Once you develop your marketing strategies and put together a plan, you may see room for improvement later – that’s okay. In fact, constant analysis and tweaks are part of the plan. As you perfect your commercial real estate marketing plan, it’ll be like riding a bike.
14 Steps to Creating the Ultimate Commercial Real Estate Marketing Plan
The following 14 steps will provide you with the tools you need and reward you for your marketing efforts by effectively growing your real estate business.
1) Define your goal and your audience
You can’t reach the end of a path if you’re unsure where you’re going or where to begin. The best way to market commercial properties relies heavily on your audience. So, you need to start by defining your end goals and your specific audience by asking these questions:
- Where is your audience spending time online?
- What’s the best way to reach them?
- What marketing materials do you need to produce?
- What’s your budget for the above?
You can learn a lot by examining competing agencies. How do they market their properties and services? What can you do better? How can you do it better? Consider how you can make your brokerage stand out.
Whatever value you bring to the table above and beyond your competitors is the entire foundation of your commercial real estate marketing plan – your answers to the above questions are the ingredients in your real estate marketing strategy and your future marketing campaigns.
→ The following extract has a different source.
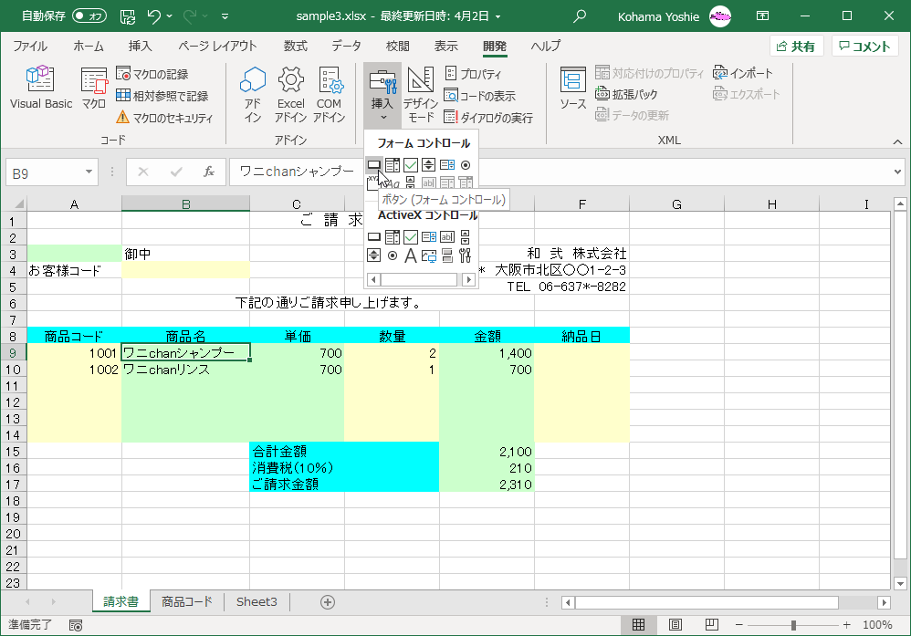 - [開発] タブの [コントロール] グループで [挿入] 一覧より[ボタン (フォーム コントロール)]をクリックします。

2) Design your commercial real estate marketing plan
What is a marketing plan? Why do you need one?
Without a roadmap showing where you are and where you need to be, you could get lost. A commercial real estate marketing plan is your compass. It helps direct you on your mission towards unique selling points for your target audience, strategies, and every point in between. It also helps you devise metrics so you can measure what is and isn’t working and tweak it as you go.
As you begin to develop your commercial real estate marketing plan, make sure to include:
- A business summary
- Who your target audience is – and why
- What your budget is
- The marketing channels you’ll use
- The marketing tools, strategies, and campaigns you’ll use
- What metrics you’ll track and how you’ll measure them
3) Types of media to include
Part of your overall marketing plan should include a mix of media. There are three types of media in any marketing strategy:
- Earned: Earned media includes all activities you usually earn via brand advocates but also includes free methods like search engine optimization (SEO) and social channels
- Paid: Think of paid media as a mode of advertising or a channel in which the end user takes a specific action, such as PPC, or Pay-Per-Click, Google Adwords (now known as Google Ads), retargeting, and site banners
- Owned: Includes all media assets owned by you or your company, such as social channels, email marketing contact lists, blogs, websites, or landing pages
As you analyze and tweak your real estate marketing plan, you should distribute this media mix cross-channel. Start out equally with all types of media and if, for instance, paid media isn’t delivering the bang for your buck you expect, funnel those marketing funds into your owned channels until you find a mix that works for you.
But first – let’s finish going over the necessities in your commercial real estate marketing plan.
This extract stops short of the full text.